First of all, we study the first excited state, which energy is slightly above the threshold for p+3H breakup, but below that of n+3He (this state is unbound due to the effect of the Coulomb repulsion between the protons [1]). Recently, an electron scattering experiment has allowed the extraction of accurate monopole transition form factor F(q) data from the 4He ground state to this first excited state [2]. Previous theoretical studies have shown that F(q) is very sensitive to the adopted nuclear interaction [3,4]. We will present new results for this observable obtained using the calculated four-body continuum wave functions.

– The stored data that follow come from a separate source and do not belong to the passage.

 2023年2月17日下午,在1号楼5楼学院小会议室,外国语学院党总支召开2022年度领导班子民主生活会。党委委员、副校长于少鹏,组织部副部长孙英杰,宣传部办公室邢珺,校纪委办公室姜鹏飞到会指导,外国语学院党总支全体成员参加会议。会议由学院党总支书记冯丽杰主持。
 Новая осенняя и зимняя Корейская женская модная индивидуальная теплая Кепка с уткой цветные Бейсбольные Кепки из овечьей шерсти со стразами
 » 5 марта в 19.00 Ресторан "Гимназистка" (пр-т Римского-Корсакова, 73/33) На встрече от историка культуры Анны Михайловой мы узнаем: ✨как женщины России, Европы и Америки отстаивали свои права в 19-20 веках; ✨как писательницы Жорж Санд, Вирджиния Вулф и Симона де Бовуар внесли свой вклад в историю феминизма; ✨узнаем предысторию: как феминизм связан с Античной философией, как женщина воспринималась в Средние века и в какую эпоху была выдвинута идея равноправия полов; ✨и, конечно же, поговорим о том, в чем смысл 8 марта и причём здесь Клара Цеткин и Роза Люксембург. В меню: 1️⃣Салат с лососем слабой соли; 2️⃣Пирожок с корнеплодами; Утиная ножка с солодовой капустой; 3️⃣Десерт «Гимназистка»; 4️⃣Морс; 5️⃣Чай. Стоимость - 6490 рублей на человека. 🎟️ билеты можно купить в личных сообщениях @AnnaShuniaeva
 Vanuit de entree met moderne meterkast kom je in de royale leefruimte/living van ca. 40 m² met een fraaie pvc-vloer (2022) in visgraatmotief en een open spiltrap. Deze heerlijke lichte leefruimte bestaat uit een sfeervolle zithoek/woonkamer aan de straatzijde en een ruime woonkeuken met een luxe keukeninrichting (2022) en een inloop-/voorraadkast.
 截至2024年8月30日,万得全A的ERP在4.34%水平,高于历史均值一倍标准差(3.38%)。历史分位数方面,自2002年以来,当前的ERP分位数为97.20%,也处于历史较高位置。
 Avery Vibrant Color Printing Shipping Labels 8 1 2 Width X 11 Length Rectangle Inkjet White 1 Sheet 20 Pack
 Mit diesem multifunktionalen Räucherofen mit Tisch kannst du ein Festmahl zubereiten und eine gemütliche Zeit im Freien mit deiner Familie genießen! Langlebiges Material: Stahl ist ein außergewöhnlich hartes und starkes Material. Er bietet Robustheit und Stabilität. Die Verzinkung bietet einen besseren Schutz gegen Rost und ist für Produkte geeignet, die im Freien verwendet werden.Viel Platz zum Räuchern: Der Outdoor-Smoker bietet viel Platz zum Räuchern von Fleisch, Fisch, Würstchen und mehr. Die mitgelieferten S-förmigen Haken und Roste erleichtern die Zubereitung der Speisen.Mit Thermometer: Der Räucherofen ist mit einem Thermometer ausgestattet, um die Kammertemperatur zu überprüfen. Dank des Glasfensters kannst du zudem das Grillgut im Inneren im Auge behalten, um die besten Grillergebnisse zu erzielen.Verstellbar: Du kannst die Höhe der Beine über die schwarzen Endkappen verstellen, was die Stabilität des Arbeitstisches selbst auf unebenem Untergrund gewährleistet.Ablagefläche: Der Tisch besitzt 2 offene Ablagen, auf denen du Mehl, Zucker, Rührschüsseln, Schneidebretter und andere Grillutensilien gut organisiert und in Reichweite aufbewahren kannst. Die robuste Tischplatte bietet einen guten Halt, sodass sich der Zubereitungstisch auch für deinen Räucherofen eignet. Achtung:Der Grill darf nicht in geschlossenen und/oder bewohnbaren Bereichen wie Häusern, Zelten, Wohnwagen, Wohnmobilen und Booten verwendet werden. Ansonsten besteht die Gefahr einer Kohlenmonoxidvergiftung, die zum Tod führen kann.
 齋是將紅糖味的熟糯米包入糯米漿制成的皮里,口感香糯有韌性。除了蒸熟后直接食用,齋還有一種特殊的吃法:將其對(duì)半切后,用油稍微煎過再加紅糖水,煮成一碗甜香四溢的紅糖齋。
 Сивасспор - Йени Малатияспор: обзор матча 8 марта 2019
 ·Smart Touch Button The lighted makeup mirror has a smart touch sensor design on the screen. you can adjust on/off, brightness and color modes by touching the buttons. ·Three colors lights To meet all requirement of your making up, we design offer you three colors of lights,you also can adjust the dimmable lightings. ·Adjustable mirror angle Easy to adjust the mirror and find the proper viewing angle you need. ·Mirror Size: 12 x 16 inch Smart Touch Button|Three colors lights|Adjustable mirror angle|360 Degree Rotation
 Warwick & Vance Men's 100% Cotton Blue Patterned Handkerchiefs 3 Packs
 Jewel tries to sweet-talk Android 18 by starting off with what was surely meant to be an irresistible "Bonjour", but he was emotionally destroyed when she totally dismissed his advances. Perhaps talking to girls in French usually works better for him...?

Second, we present a study of the second excited state (a 0- resonance). For such a study, we exploit a recent measurement of the 3He(n,p)3H Ay observable using cold neutrons performed at ORNL [5]. In fact,
the energy of the process is close to the expected position of the 0- resonance. We found that the theoretical predictions for such observable are very sensitive to the interaction, in particular to the three-nucleon force.
Finally, we study the processes d(d,p)3H and d(d,n)3He at energies of interest for energy production and for big-bang nucleosinthesis [6]. In this case, we are sensitive to the presence of 1- resonant states in the 4He spectrum. We will present new results for the cross section and polarization observables of these processes and study the sensitivity to the position of 1- resonances.
These studies show that the spectrum of 4He is still poorly understood and that more accurate interactions between the nucleons are needed to quantitatively describe it.
[1] A. Kievsky et al., Ann. Rev. Nucl. Part. Sci. 71, 465 (2021)
[2] S. Kegel et al., Phys. Rev. lett. 130, 152502 (2023)
[3] S. Bacca et al., Phys. Rev. Lett. 110, 042503 (2013)
[4] E. Hiyama et al., Phys. Rev. C70, 031001(R) (2004)
[5] M. Gericke et al., (n3He Collaboration), Phys. Rev. Lett. 125, 131803 (2020)
[6] M. Viviani et al., Phys. Rev. Lett. 130, 122501 (2023)